Your liver has a primary role in keeping your blood sugar up between meals (that is, when no glucose at all would be arriving from your small intestine) and it does this by either recycling some glycogen, or synthesizing it from lactate, glycerol (from triglycerides), or certain amino acids. Your kidneys can do something similar, although their contribution is relatively less important.
The reason your blood sugar is rising out of the usual hysteresis band is that
(a) your liver is not switching off glycogenolysis/gluconeogenesis when it ought to (it 'believes' your blood sugar is lower than it actually is)
(b) your pancreas is redlining its insulin output and
(c) the rest of your body is not able to accept the too-high glucose correction from your liver.
In other words, you're still deeply insulin resistant.

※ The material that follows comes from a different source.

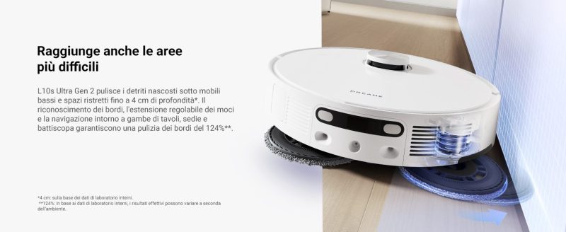 Progettato per una pulizia più intelligente ed efficiente, Dreame L10s Ultra Gen 2 offre una potenza di aspirazione Vormax™ di 10.000 Pa insieme alla tecnologia MopExtend™ RoboSwing per raggiungere ogni angolo.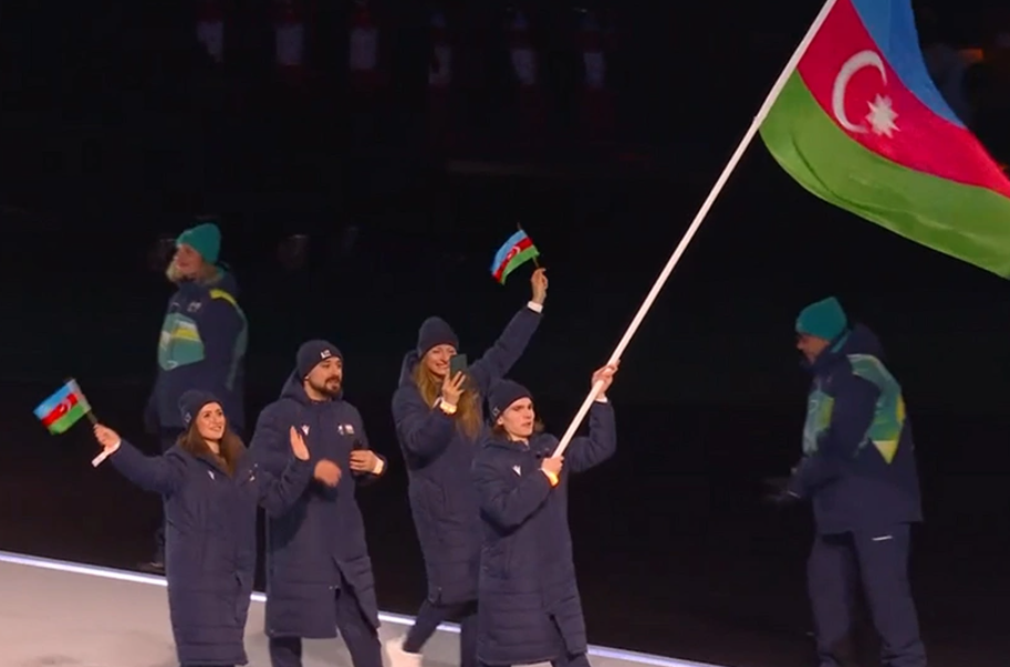 Azərbaycan millisinin bayraqdarları fiqurlu konkisürən Vladimir Litvintsev və dağ xizəyi üzrə idmançı Anastasiya Papatoma olub. İdmançıların stadiona çıxışı tamaşaçılar tərəfindən alqışlarla qarşılanıb.

Your doctor is right to get you off the drugs, but you need to do your part by getting your diet right in order to reverse the underlying problem.
TheAwfulToad Thank you for your reply. I didn't see it until now. What you write is very interesting.
Could your points tie in with liver damage from medication? I took a "sartan" blood pressure medication for 5 years and was exceedingly ill throughout. I'm now recovering from presumed liver (and perhaps also kidney) damage, which I will get investigated.
This medication damage is non-specific and so are the many symptoms. So any observations can only generalise but there have been many metabolic processes which have not been working properly.
Can you offer any observations, no matter how tentative or speculative about the effects on diabetes?
I know that's a vague request and thank you for any information.